··· RECORD EXTRACTS
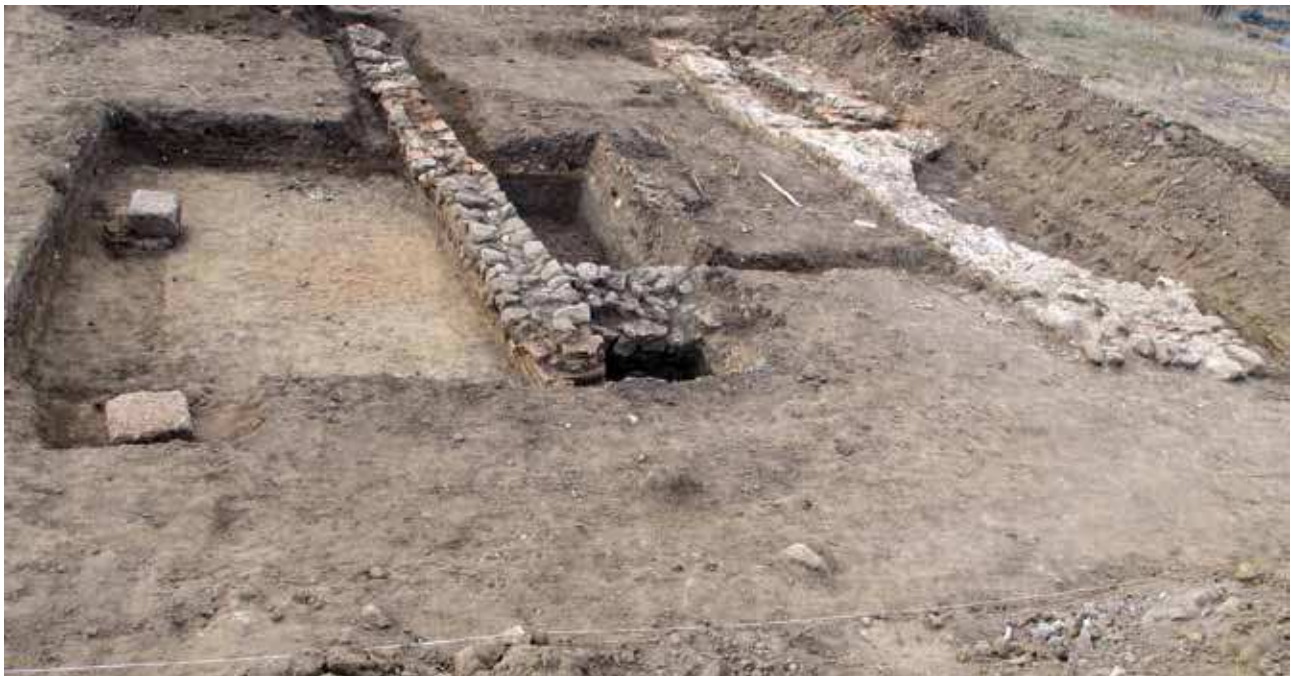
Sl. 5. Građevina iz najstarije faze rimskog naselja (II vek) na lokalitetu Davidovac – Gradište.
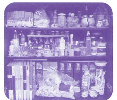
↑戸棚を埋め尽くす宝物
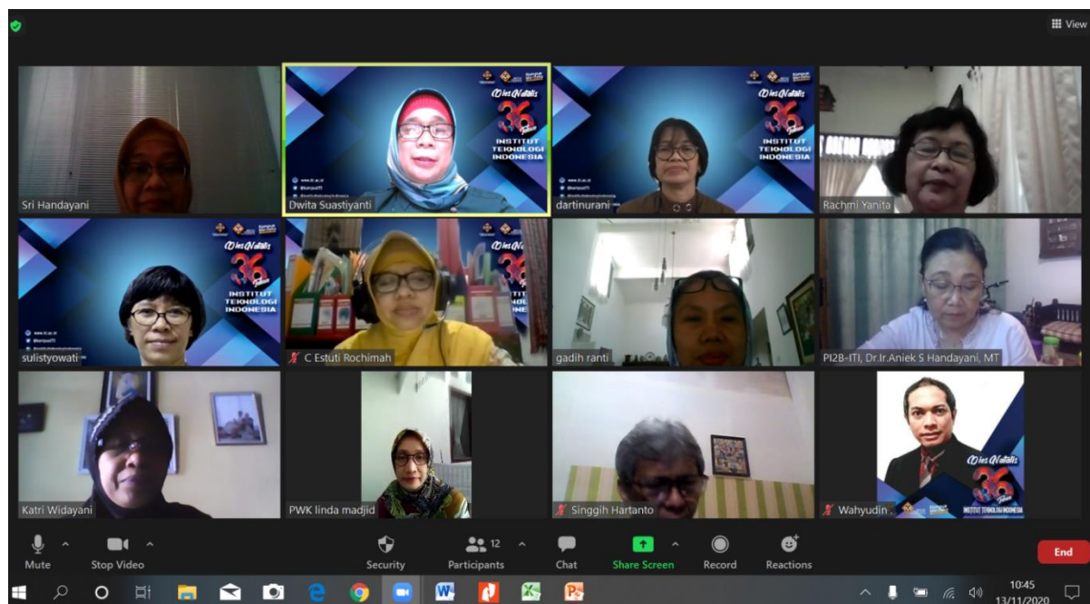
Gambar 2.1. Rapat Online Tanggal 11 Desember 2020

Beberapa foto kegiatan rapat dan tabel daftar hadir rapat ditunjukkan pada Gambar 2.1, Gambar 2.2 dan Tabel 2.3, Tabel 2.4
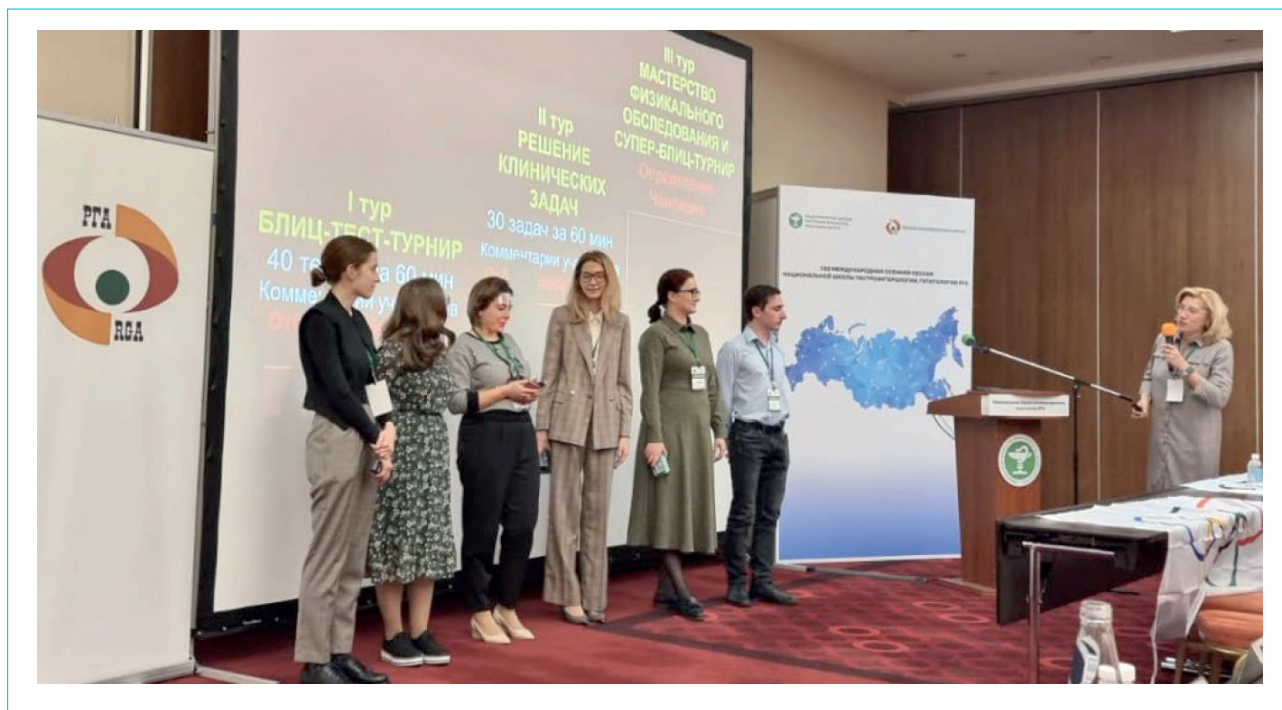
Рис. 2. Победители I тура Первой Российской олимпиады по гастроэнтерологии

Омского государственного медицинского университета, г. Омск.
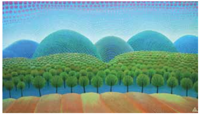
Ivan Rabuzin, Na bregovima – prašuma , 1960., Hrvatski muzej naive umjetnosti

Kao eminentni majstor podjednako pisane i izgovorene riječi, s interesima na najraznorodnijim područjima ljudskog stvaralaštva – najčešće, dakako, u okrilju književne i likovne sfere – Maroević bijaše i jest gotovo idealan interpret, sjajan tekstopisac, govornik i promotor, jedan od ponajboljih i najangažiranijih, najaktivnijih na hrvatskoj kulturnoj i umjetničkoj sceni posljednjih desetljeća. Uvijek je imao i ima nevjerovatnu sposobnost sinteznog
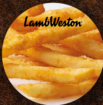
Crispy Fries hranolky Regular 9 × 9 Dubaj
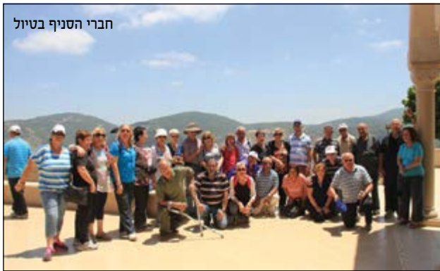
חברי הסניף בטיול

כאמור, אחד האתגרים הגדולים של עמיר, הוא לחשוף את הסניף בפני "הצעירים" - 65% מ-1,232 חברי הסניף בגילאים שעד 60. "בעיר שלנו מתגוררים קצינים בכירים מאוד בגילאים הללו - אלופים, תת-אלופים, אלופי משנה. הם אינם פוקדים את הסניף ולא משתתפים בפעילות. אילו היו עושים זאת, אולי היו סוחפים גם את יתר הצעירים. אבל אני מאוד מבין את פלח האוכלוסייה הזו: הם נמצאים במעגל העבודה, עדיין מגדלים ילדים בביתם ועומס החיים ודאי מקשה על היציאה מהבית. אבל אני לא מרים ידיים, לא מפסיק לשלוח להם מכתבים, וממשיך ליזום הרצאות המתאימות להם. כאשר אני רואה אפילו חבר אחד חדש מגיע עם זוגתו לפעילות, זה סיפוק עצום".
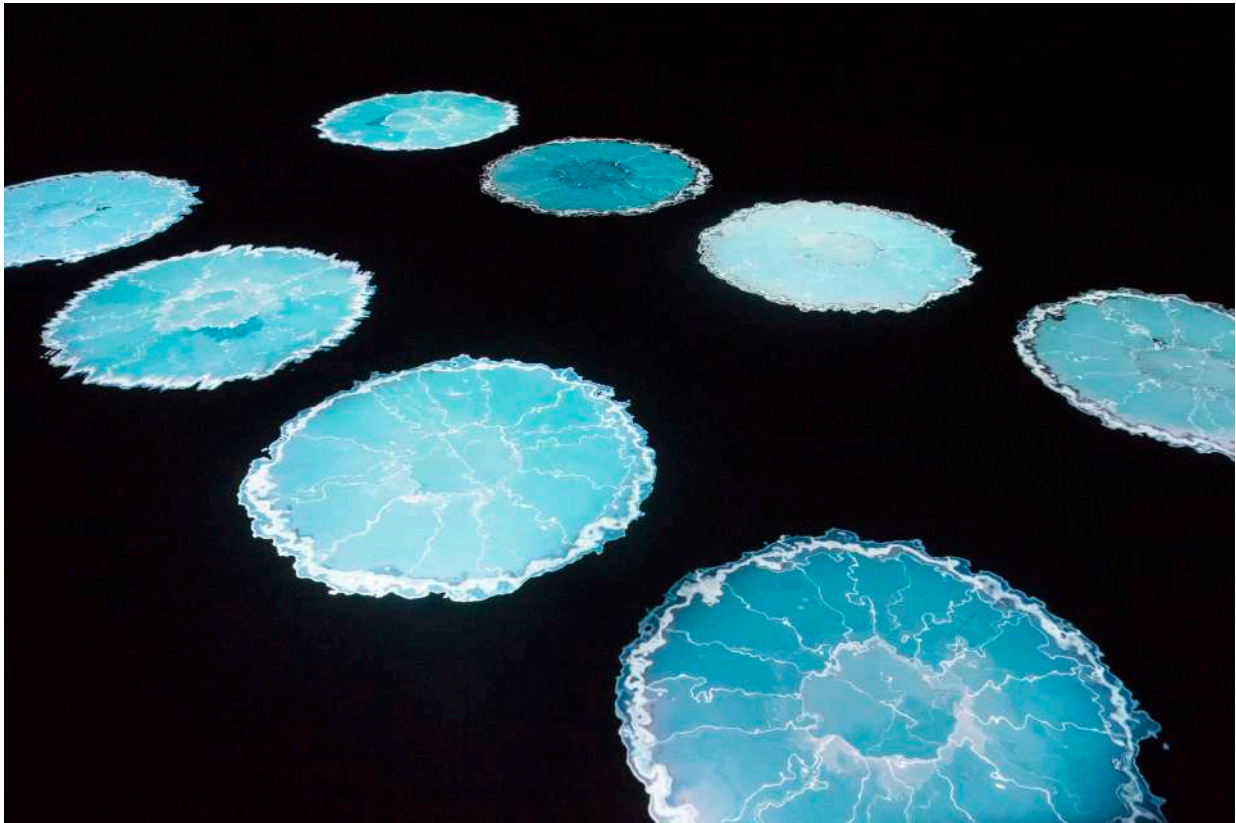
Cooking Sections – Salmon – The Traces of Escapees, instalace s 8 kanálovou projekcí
······
• [EXERCISE]
Copy nothing but the lines above that run from the one with "Омского государственного медицинского" to the one with "Kao eminentni majstor", ends included; pictures stay out.

• [SOLUTION TO THIS EXERCISE]
Омского государственного медицинского университета, г. Омск.
Ivan Rabuzin, Na bregovima – prašuma , 1960., Hrvatski muzej naive umjetnosti

Kao eminentni majstor podjednako pisane i izgovorene riječi, s interesima na najraznorodnijim područjima ljudskog stvaralaštva – najčešće, dakako, u okrilju književne i likovne sfere – Maroević bijaše i jest gotovo idealan interpret, sjajan tekstopisac, govornik i promotor, jedan od ponajboljih i najangažiranijih, najaktivnijih na hrvatskoj kulturnoj i umjetničkoj sceni posljednjih desetljeća. Uvijek je imao i ima nevjerovatnu sposobnost sinteznog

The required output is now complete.